Acordei com Brenda perguntando sobre os gritinhos que vinham da cama. Meio sonolento, não entendi muito bem o que estava acontecendo. "Aqui, ó. Chega mais perto, tenta escutar. Te juro, eu não estou louca. Ouve isso. O colchão está falando com a gente", ela insistia.
Eu não dava muita bola, tentava voltar ao sono de um sábado sem trabalho. Porém, comecei a escutar o mesmo barulho, enquanto minha noiva passava a mão na lateral da cama, do lado onde fica a janela, que estava aberta desde a noite anterior. "Que textura diferente, meio peludinha. E esse barulhinho. Meu Deus, estou ficando louca?", repetia Brenda, na tentativa de entender o que acontecia com o colchão.

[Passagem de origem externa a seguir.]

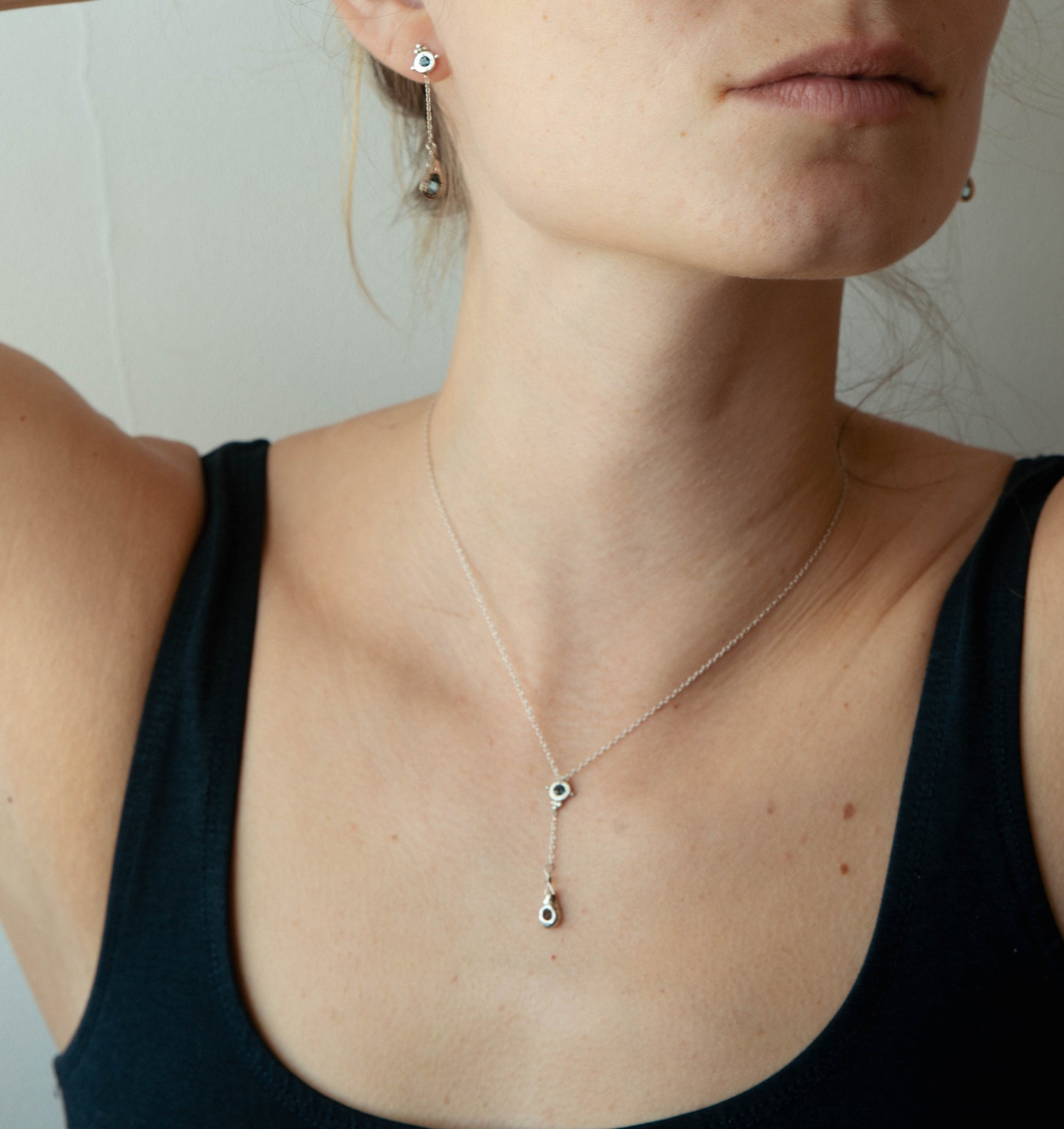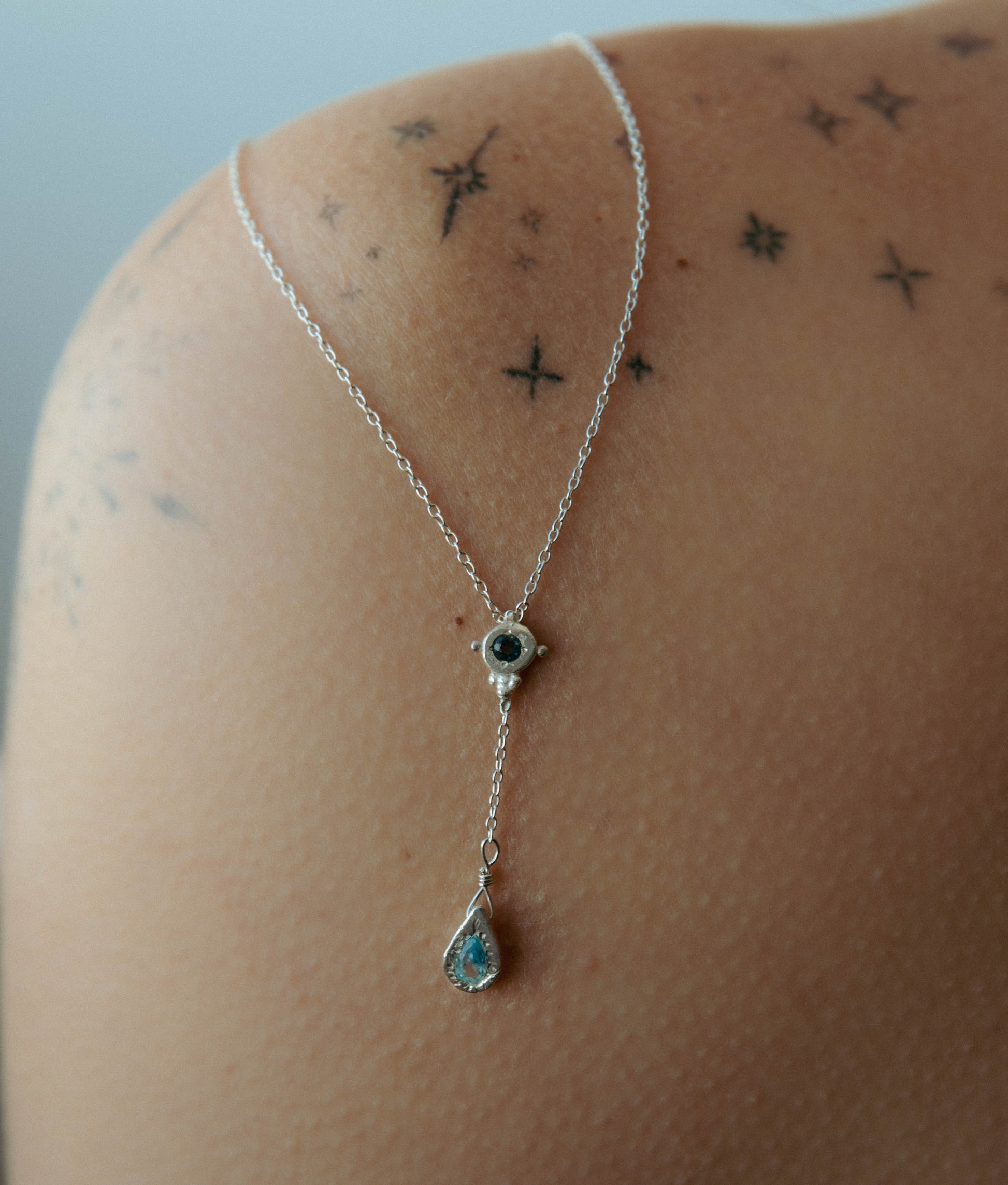 משובצת באבן חן בלו טופז לונדון (העיגול) ובלו טופז סוויס (הטיפה) ביניהם מחברת שרשרת עדינה ונותנת לשרשרת את האפקט העניבה על החזה.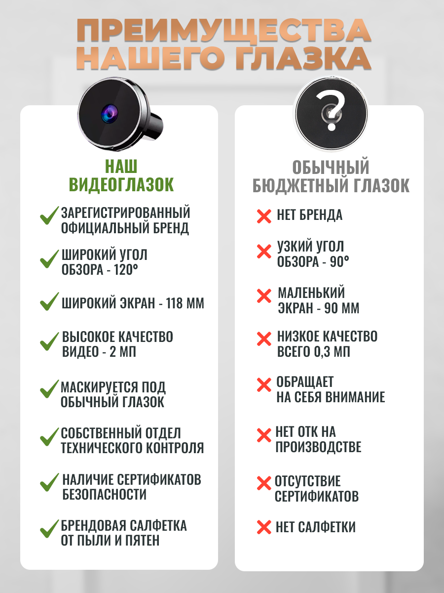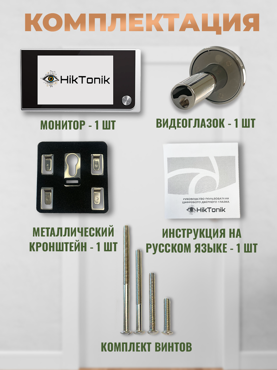 Видеоглазок HikTonik DS33 для входной двери с монитором, угол обзора 120°, камера 2 МП, с батарейками интересное: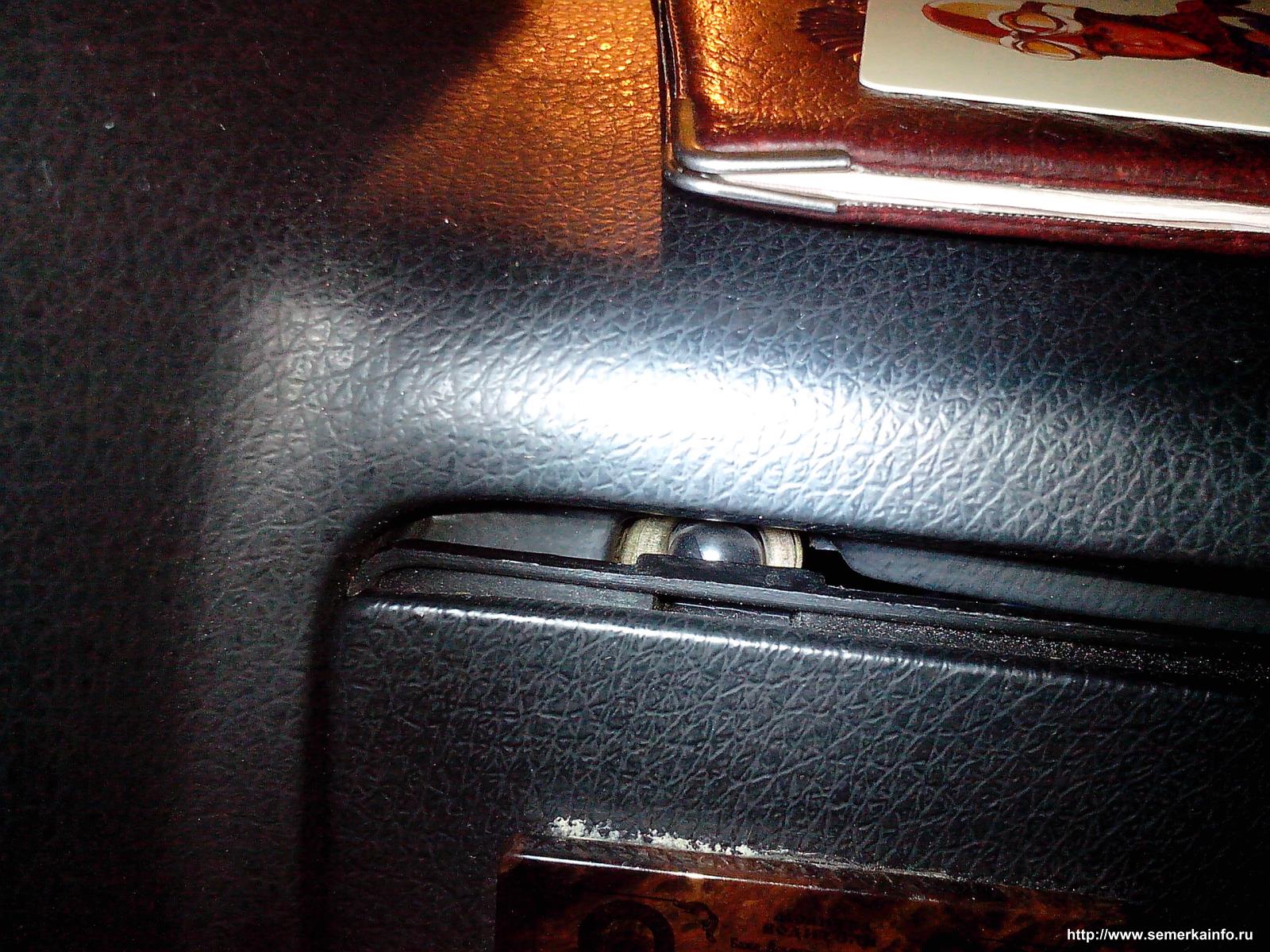 5) Стал разбирать бардачек. У меня через щел видно как лампочка постоянного внутри горит. Достало. левый край не до конца закрывается.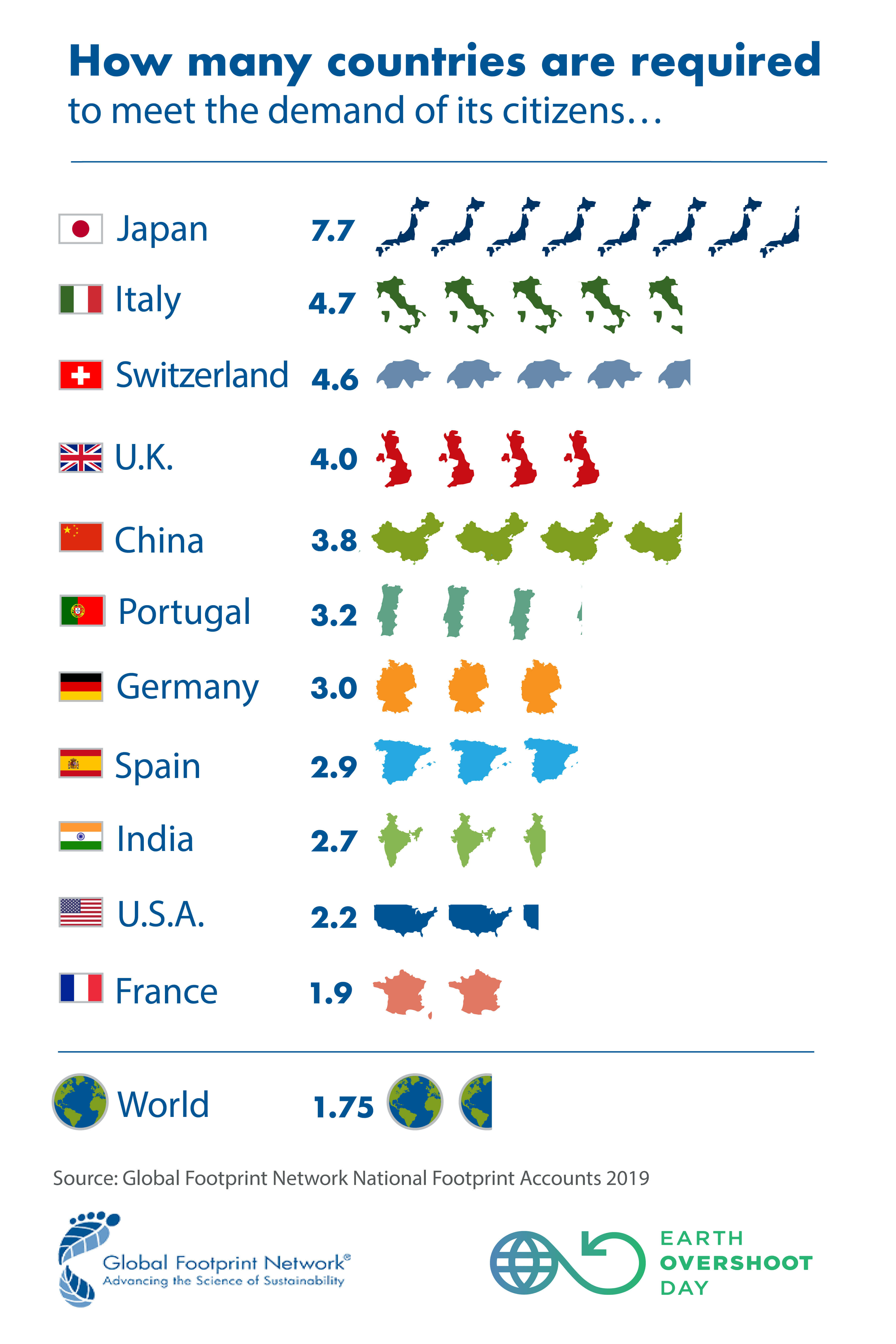 Несмотря на то, что с 2010 года темпы потребления ресурсов в мире снизились, перерасход ресурсов опережает способность к самовосстановлению систем. 29 июля — средняя дата экодолга всех стран, причем разные государства израсходуют ресурсы неодинаково. Эксперты разделяют страны на “дебиторов” и “кредиторов” ресурсов Земли. Среди стран, берущих “взаймы”, выделяют Китай, Индию, США, Саудовскую Аравию и большую часть ЕС, а донорами ресурсов являются Бразилия, Канада, Австралия, Швеция, Финляндия и Россия.

O sono já havia passado e resolvi levantar para ver o que era. Afastei um pouco a cama da parede, e lá estava o ser humaninho, grudado no colchão, de cabeça para baixo. Logo abaixo dele, no piso do quarto, havia um monte de pontinhos pretos (o cocôzinho dele, pensei. Havia ficado tanto estressado que teve uma diarreia, tentei entender).
Acho que foi amor à primeira vista. Aquele bichinho assustado, tão inseguro, cagando na própria cabeça. Tadim... De pronto, decidi batizá-lo de Ozzy, nome do vocalista da lendária banda de heavy metal Black Sabbath.
Lembrei de uma conversa no grupo de WhatsApp dos moradores do condomínio onde moro. Há alguns meses, eles relataram o surgimento de filhotes de morcego nos apartamentos. Assustados e sem saber o que fazer, alguns vizinhos acabaram matando os bichinhos. Até a aparição de um deles no meu quarto, eu também não sabia como proceder. Mas, se pesquisarem na internet, saberão que o manuseio com a espécie não é como o de um inseto; o aconselhável é entrar em contato com a Zoonoses para remover o animal. E matá-lo é crime ambiental, caros vizinhos.
Brenda, que no início suspeitava estar ouvindo barulhos imaginários da cama e surtando, ficou realmente doida (de medo) quando eu falei que a coisinha peluda que ela acariciava, sem ver, não era uma parte da cama, mas sim um filhote de morcego. Sem saber como removê-lo do quarto, e tendo que lidar com o nervosismo da minha companheira, fui até a cozinha pegar uma sacola plástica para tentar capturar o Ozzy.
A primeira tentativa não deu certo, e ele resolveu subir da lateral da cama para a superfície dela, onde começou a correr pelo lençol e travesseiro. Brenda gritava: "troquei os lençóis ontem, meu Deus, que nojo. Pega logo ele, Adson. Pare de rir, ele não é seu bicho de estimação".
Eu tentava, meio que sem querer, prender o Ozzy na minha cama. Pequeno e ágil, ele se safava de todas minhas investidas. Com o celular, Brenda começou a filmar todas minhas tentativas frustradas de capturá-lo. Ele correu a cama de ponta a ponta, e, como um avião a decolar, bateu as asinhas quando o colchão acabou, mas foi direto ao chão. Foi quando consegui pegá-lo, bem de leve (para não machucá-lo), com a mão coberta pela sacola. Rapidamente, o joguei pela janela, de onde ele tinha entrado.
Por dias, fiquei me perguntando se ele havia conseguido sobreviver ao voo forçado. Brenda me acalmou com o argumento de que, se ele havia voado até nossa janela, no quinto andar, conseguiria voar novamente na partida, ainda que repentina. No mesmo dia, comecei a pesquisar na internet se era possível criar morcegos. Nas redes sociais, postei fotos do Ozzy em nossa cama.
Fiquei triste com a partida dele, e até hoje me questiono se ele ainda está vivo. De vez em quando, escuto da janela o barulho de algum morcego em pleno voo. Seria algum parente do Ozzy? Ou ele próprio? Sei que ele deixou saudades (ao menos em mim). Acho que preciso de um pet. Brenda disse que vai trazer o Ziggy, um bulldog francês que vive com a mãe dela, para morar conosco. Vamos ver se dará certo. Espero que Ziggy (eu o chamo de Winston Churchill) não mate Ozzy, caso ele resolva pousar novamente por aqui.
PS: Diferentemente do que informou a crônica O presente de Dad, de Severino Francisco, publicada no último sábado, o lançamento do livro As maravilhas de Brasília será hoje, das 16h às 18h, na banca da Conceição (308 Sul), e não no domingo.